I have been with my boyfriend for 4yrs. I’m 20 and he is 23. I love him deeply. We have talked so much about our future, but now I am having thoughts about breaking up with him, and it breaks my heart. Lately he has been a jerk to me. He thinks I am made of money and I’m barely making enough on things I need.
It all started when he got paid ($800) He spent half of it on a PS4 along with a new game. He still had his Xbox 360 and had plan on “giving” it to me, but he wasn’t just going to give it, he wanted me to pay him $100 for it! I told him “why can’t you give it to me, I’m not just anyone, I’m your damn Girlfriend!” He replied “Because I need that money” I said “So do I”. and that went on for a while. Then he just dropped it and gave it to me.
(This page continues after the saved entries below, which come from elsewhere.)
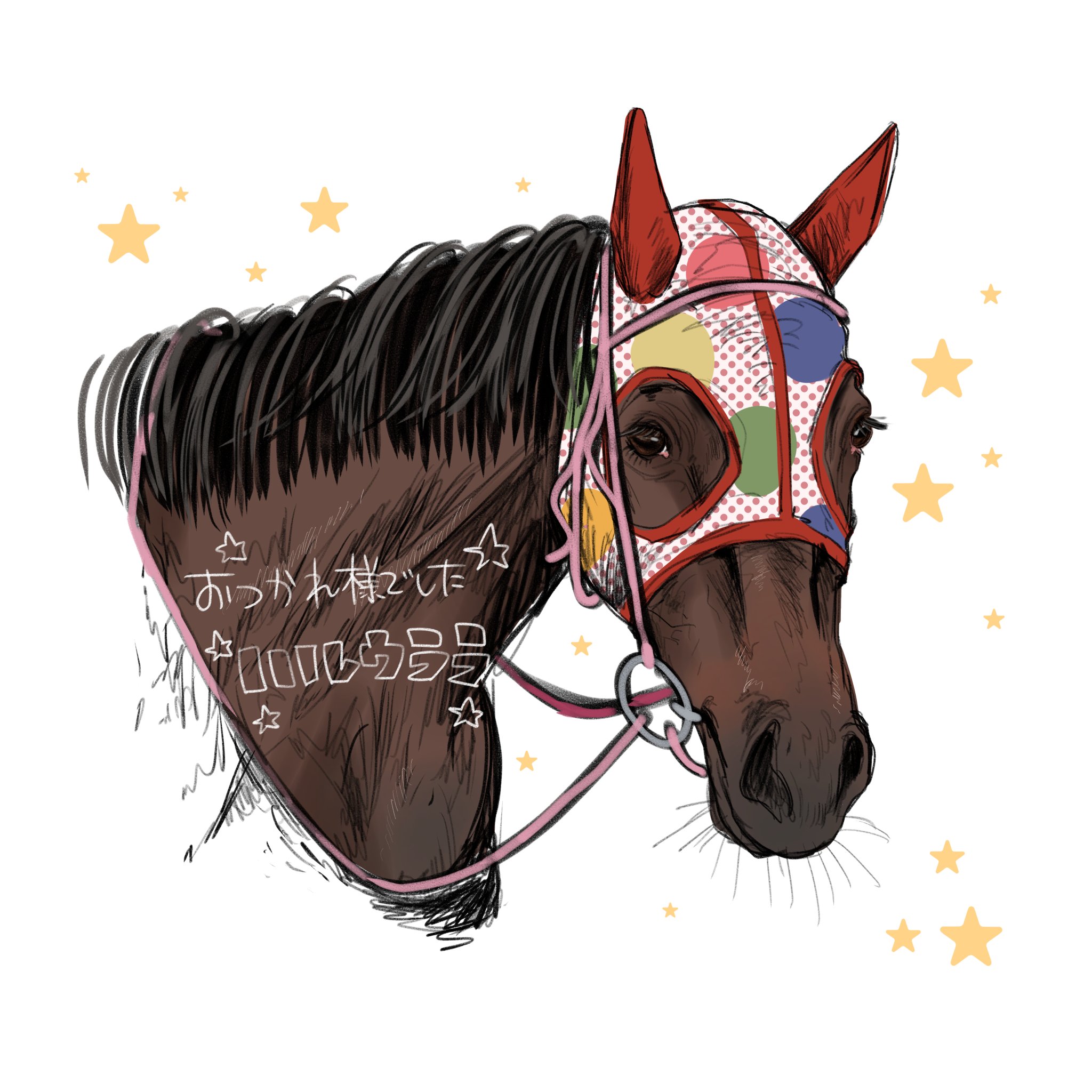 akiyama1107 animal_focus brown_horse haru_urara_(racehorse) highres horse looking_at_viewer mane mask no_humans real_life reins simple_background star_(symbol) white_background
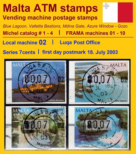 ATM 02 - serie 00.07 Ersttagsstempel - Luqa 18.07.2003 |
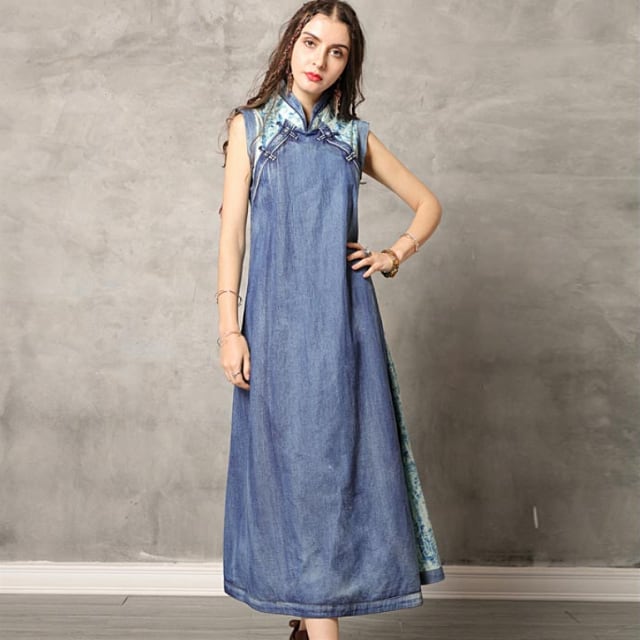まるでチャイナドレスのようなデザインのデニムワンピース。
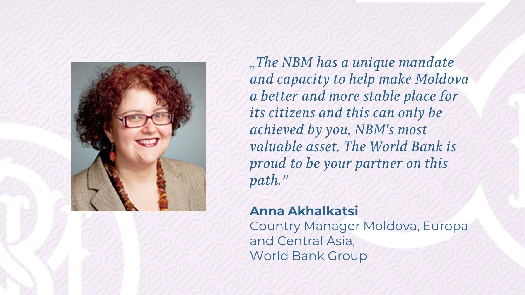 #30aniBNM// Congratulatory message from Anna Akhalkatsi, Country Manager for Moldova, Europe and Central Asia, World Bank Group
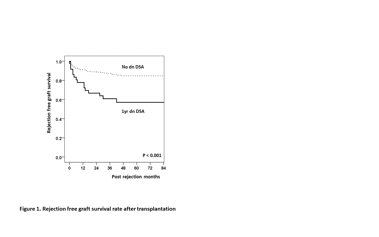 Results: The baseline characteristics showed no difference between the two groups except the degrees of PRA class I and II were significantly higher in the ABOc group (P = 0.010 and P = 0.036). The incidence of dn DSA during one year after KT was significantly lower in ABOi group than in the ABOc (n=34, 15.3% vs. n=2, 3.8% P = 0.028). Multivariate analysis indicated that ABO incompatibility was the only significant factor associated with the development of one year de novo DSA (OR[CI], 0.22 [0.05 – 0.95]; P = 0.043). Overall rejection-free survival was inferior in patients who developed the dn DSA within one year than in patients without dn DSA for one year following KT (P < 0.001).
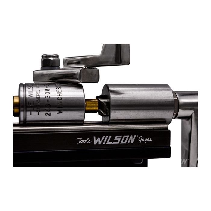 815145027733 Kit de Micro Réglage pour Coupe-Cartouches Wilson - Comprend un support, un serre-joint et le célèbre coupe-cartouches Wilson. En production depuis 1936. Les porte-cartouches sont vendus séparément. Coupe les cartouches de .17 à .45 calibre. Fini en acier inoxydable avec un revêtement TiN durable et réglage micrométrique. Revêtu d'oxyde noir pour une finition durable. NOUVEAU : Poignée en acier inoxydable 304 incluse avec le coupe-cartouches micrométrique. Fabriqué aux États-Unis avec de l'acier américain.En rupture de stock, environ 4-12 semaines à partir de l'entrepôt principal.
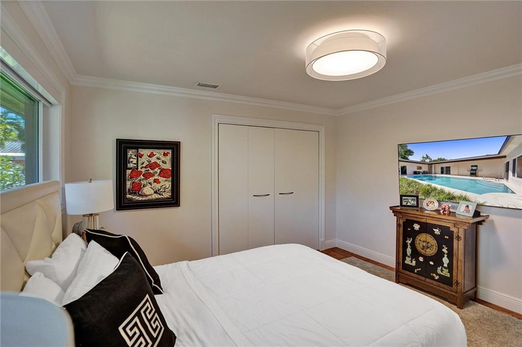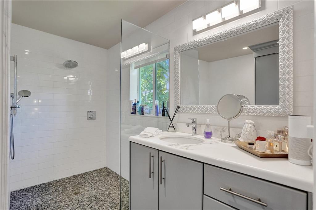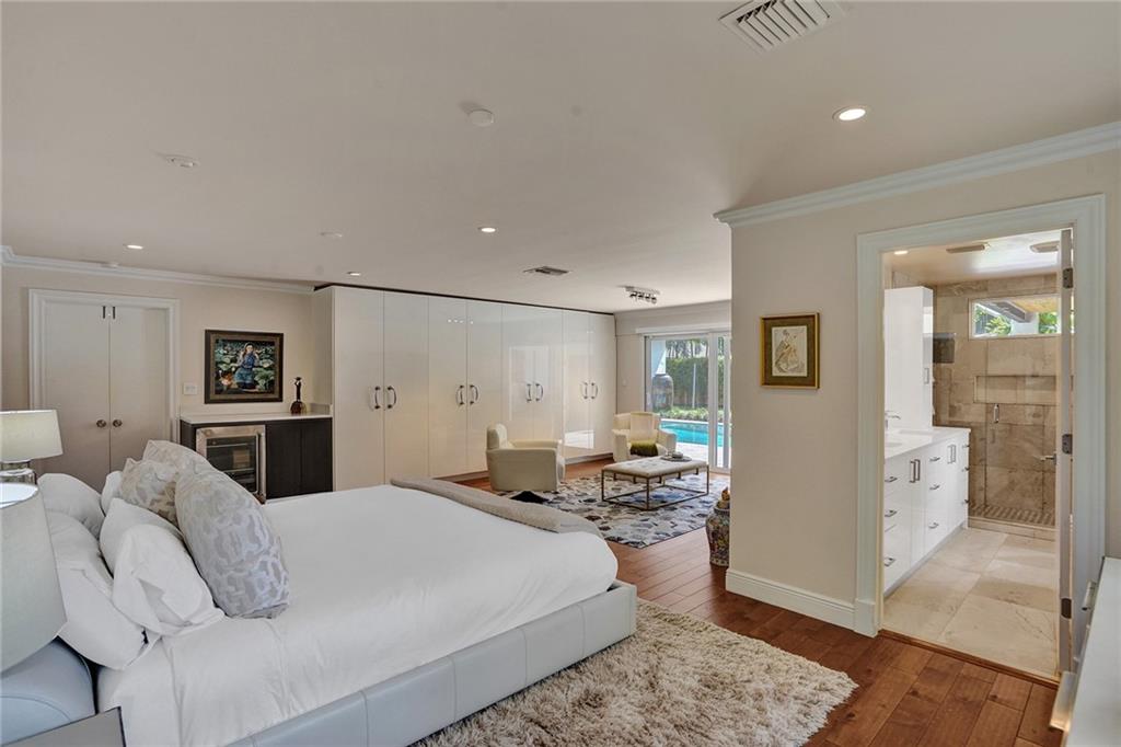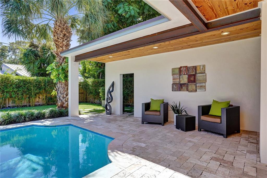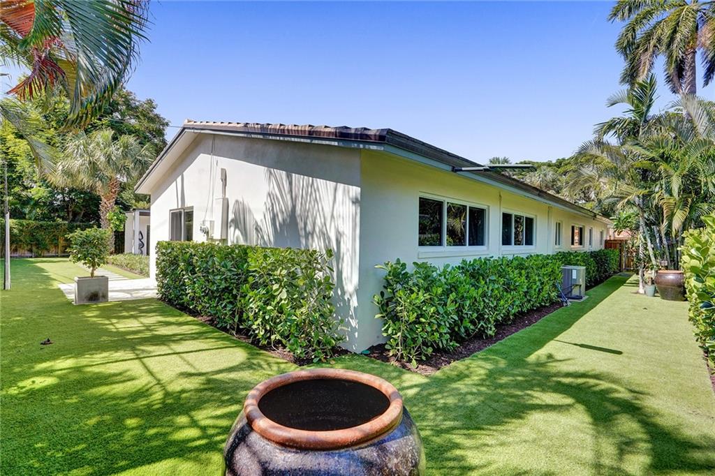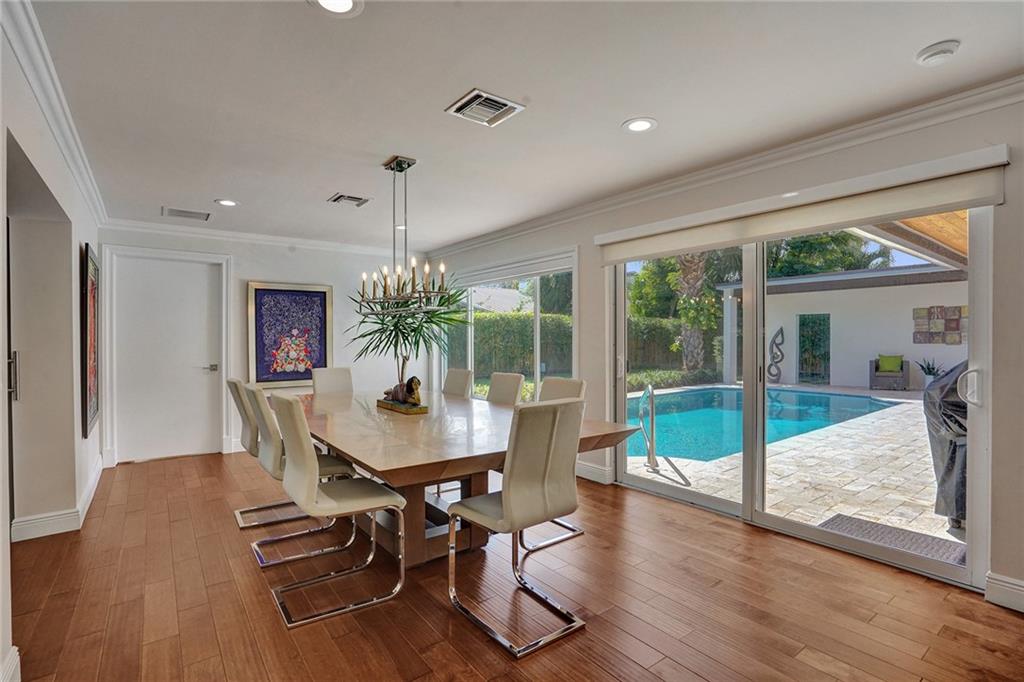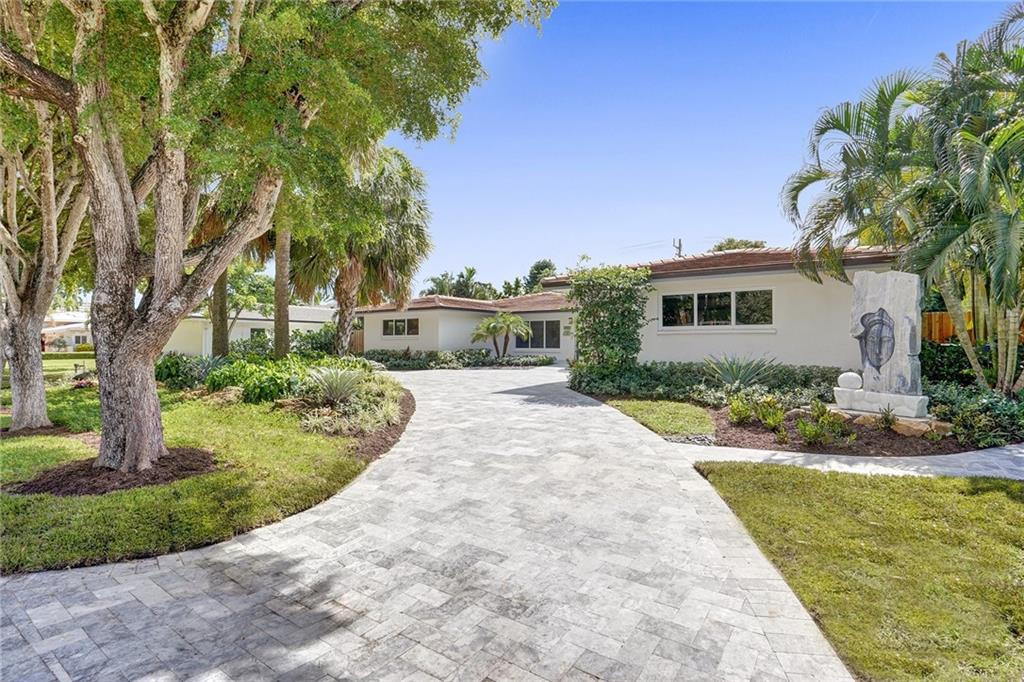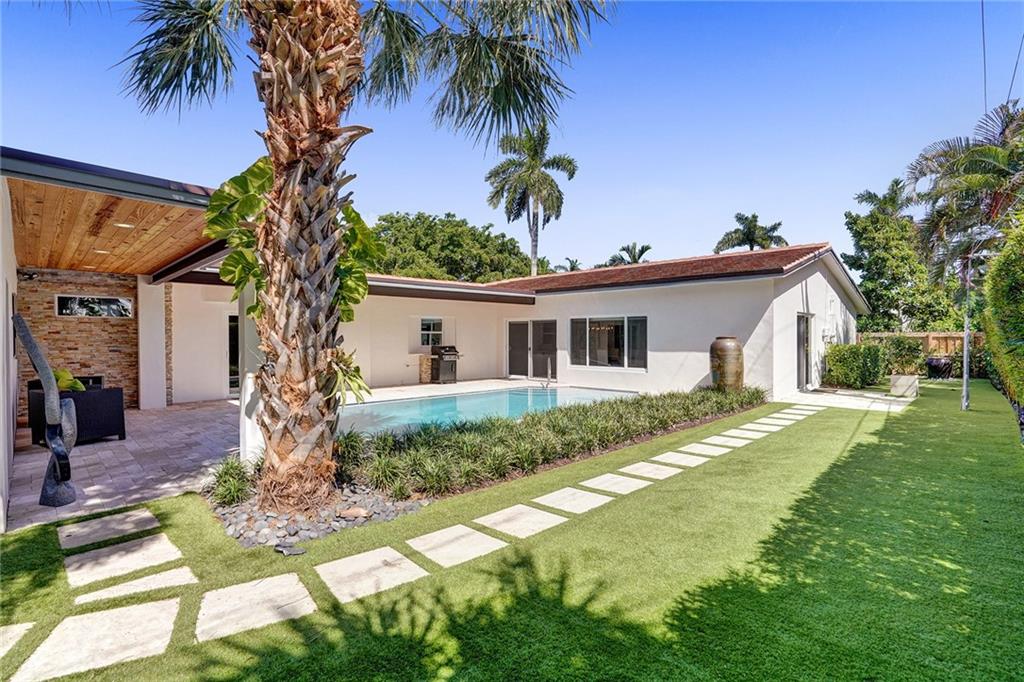 Enviably located in the heart of Coral Ridge Country Club & situated on one of the most desirable streets in the neighborhood. This stunning home ticks all the boxes. Stylish & totally updated residence was recently expanded to over 3,000 sq ft of luxurious living space and boasts 4 bedrooms plus an office/den/gym. Stunning gourmet kitchen with modern quartz counters, high-end appliances and huge breakfast counter perfect for gatherings. Luxurious and oversized primary bedroom suite with sitting area opening out to a totally private resort-like pool/garden area complete with Travertine marble pavers and low maintenance artificial turf. Impact glass, newer tile roof (2018), large indoor laundry room and much more. Minutes to Bayview Park, Lauderdale By-The-Sea beach and fine restaurants.
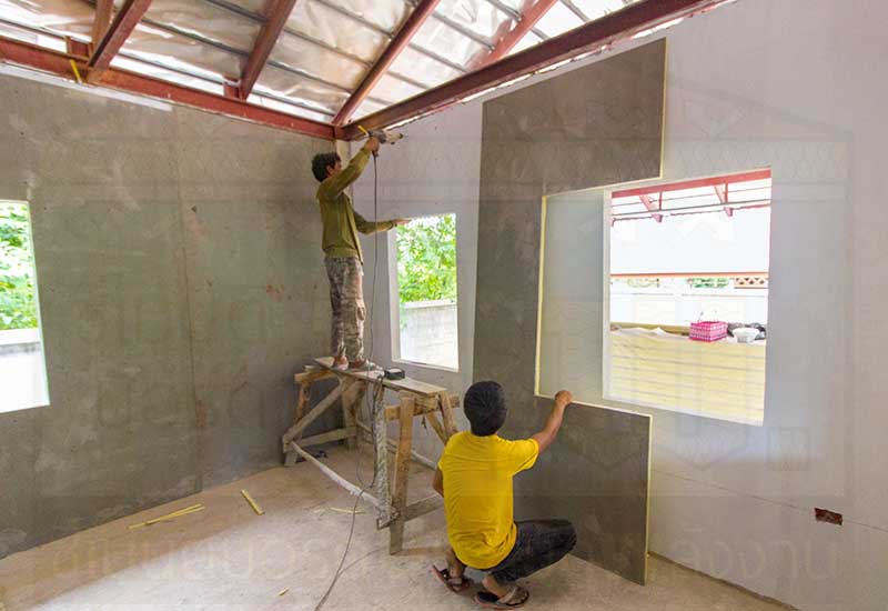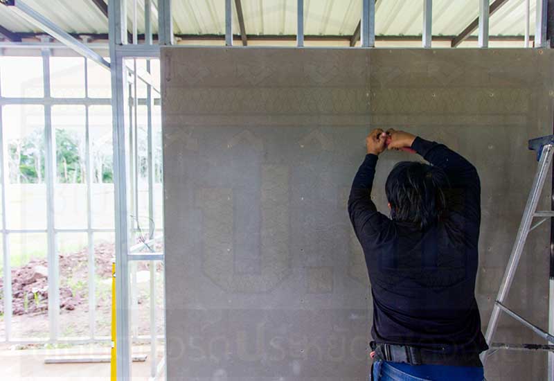 ซีเมนต์บอร์ด ป.พ. ติดผนังคอนกรีต
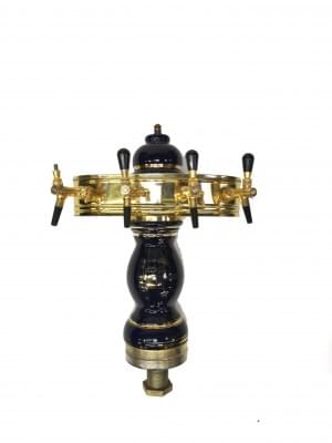 Quatre robinets, métal et corps en porcelaine bleu nuit, H 61 cm
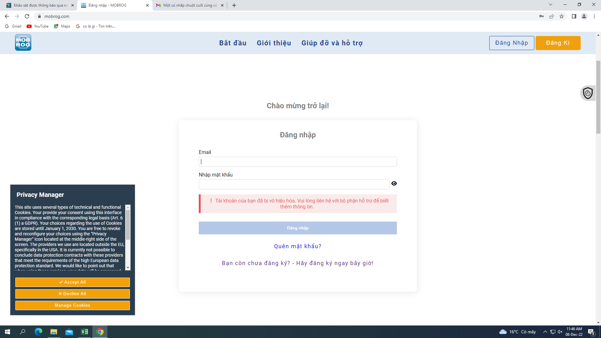 Daiyun2909 said: View attachment 209042 mình đã đăng ký và kích hoạt qua mail sao vẫn bị báo không được là sao nhỉ? Click to expand... Có acc trước đó rồi nên tạo acc mới bị ban :v
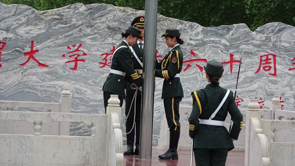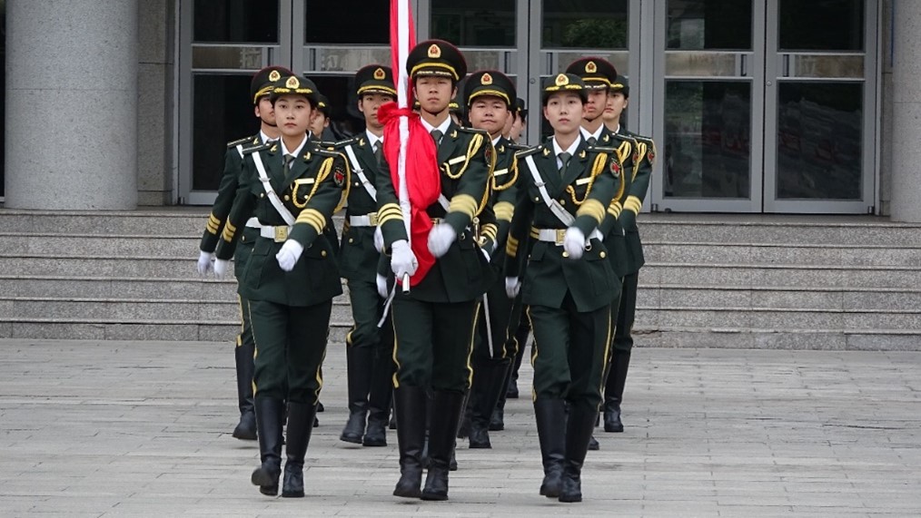 4月29日早晨七点,bg大游于一教广场前举行升国旗仪式,200余名员工代表参加。随着《义勇军进行曲》响起,国旗护卫队迈着整齐的步伐踏上升旗台,在庄严的国歌声中,全体人员整齐列队,肃立,注视着国旗缓缓升至顶端。
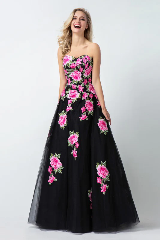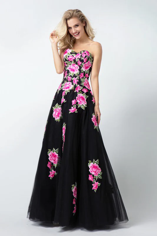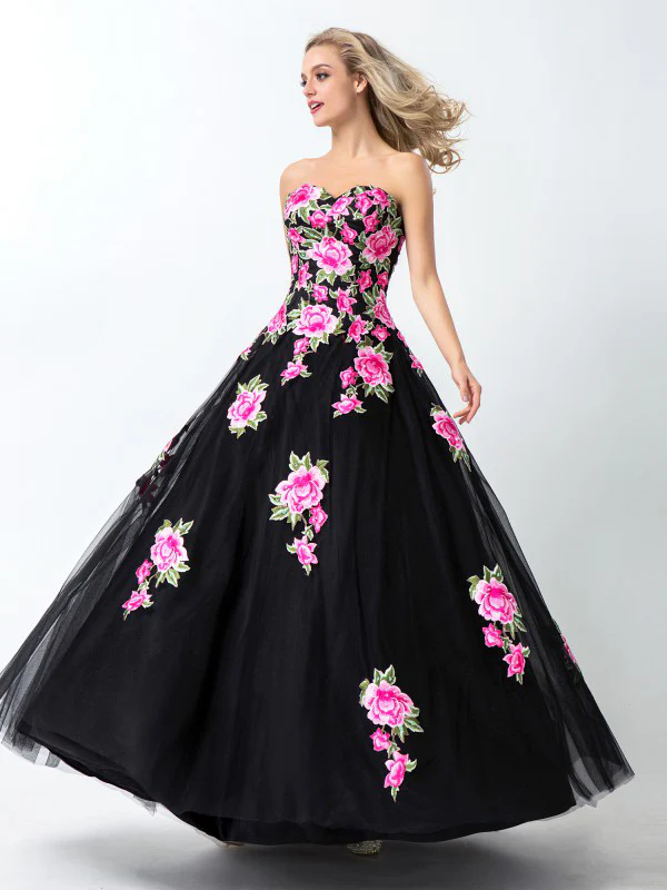 • Black Sweetheart Flower Appliques Long A Line Tulle Prom Dress,Evening Dresses OKA69

We are not living together, so when I ask him to come over and see me, he has the nerve to say I don’t have any gas.. which really pisses me off, b/c he spends every dime he has on things he wants. I don’t care that he plays games, I wish he knew how to save money so he can spend time with me.
Last night I accidentally dropped and cracked the corner of his I pod touch (which he has had for 3+ yrs) and he expects me to pay whatever it takes to fix it. I Told him “if it’s over $100 I’m not paying” he said “yes you are, your fucking broke it, you fix it.” The problem here is that it’s NOT broken! if I broke it or it want even turn on, I’ll be glad to buy him a new one for Christmas, but it works fine. it’s not even the screen it’s a piece of the corner.
I don’t know what to do anymore! Any options? I still love him, but I don’t know what is problem is, he use to not be like that. I’m scared of what my life will be if we get married..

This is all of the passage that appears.